React, JSX, and CoffeeScript - bslatkin
http://neugierig.org/software/blog/2014/02/react-jsx-coffeescript.html
======
sandover
Like the post author, I use Coffeescript+React -- and don't care for JSX. (I'd
go further and say that XML of any kind has shown itself unfit for direct
editing by humans, but that's a larger discussion.)

Coffeescript has its problems as well, though, and one of the glaring issues
is cutesy syntactic corner cases. Some of these are ok, taken individually,
when they make the code maybe slightly more terse -- or more clear. But in the
aggregate, they can leave us with something that is baroque, off-putting to
the uninitiated, and hard to maintain. That's pretty much what I see in code
here.

Having the curly braces around an object literal be optional was a language
mistake: it simply introduces ambiguity.
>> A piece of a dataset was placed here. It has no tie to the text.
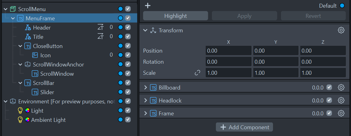 The MenuFrame component contains the Frame script showing the UI canvas, as well as the HeadLock and the Billboard script keeping the UI more or less in view.
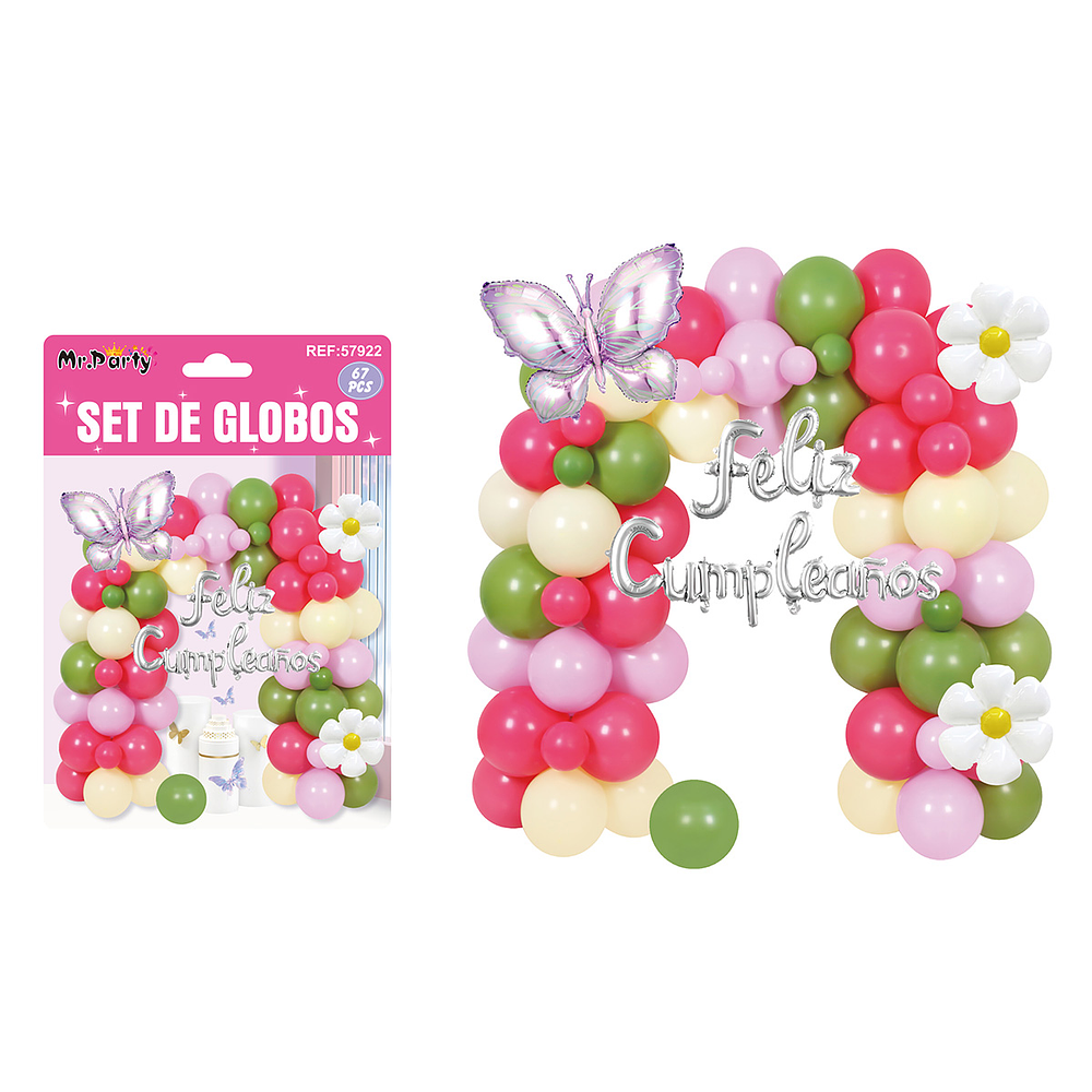 Set con arco de globos feliz cumpleaños 67pcs

It doesn't save many keystrokes, and
it wastes the time of the people who may eventually have to read code like
this

    
    
        R.p null,
          R.a href:'foo', 'bar'
          R.a href:'foo2', rel:'nofollow', 'second link'
    

Quick, is rel:'nofollow' part of the same object as href:'foo2', or is is the
second argument to R.a?

More alarm bells went off when I learned that we are using this Coffeescript
clunker I did not know about previously: "beyond the first argument, the
trailing commas are optional when you have newlines".

Wat? _Just the first line_ needs a comma? Did Ruby teach us nothing, folks?
Irregular, tricksy syntax like that is a caterpillar, waiting to turn into a
beautiful butterfly of a bug when some stranger innocently barges in to make a
change 6 months from now.

Even if the language offers features like that, don't use them.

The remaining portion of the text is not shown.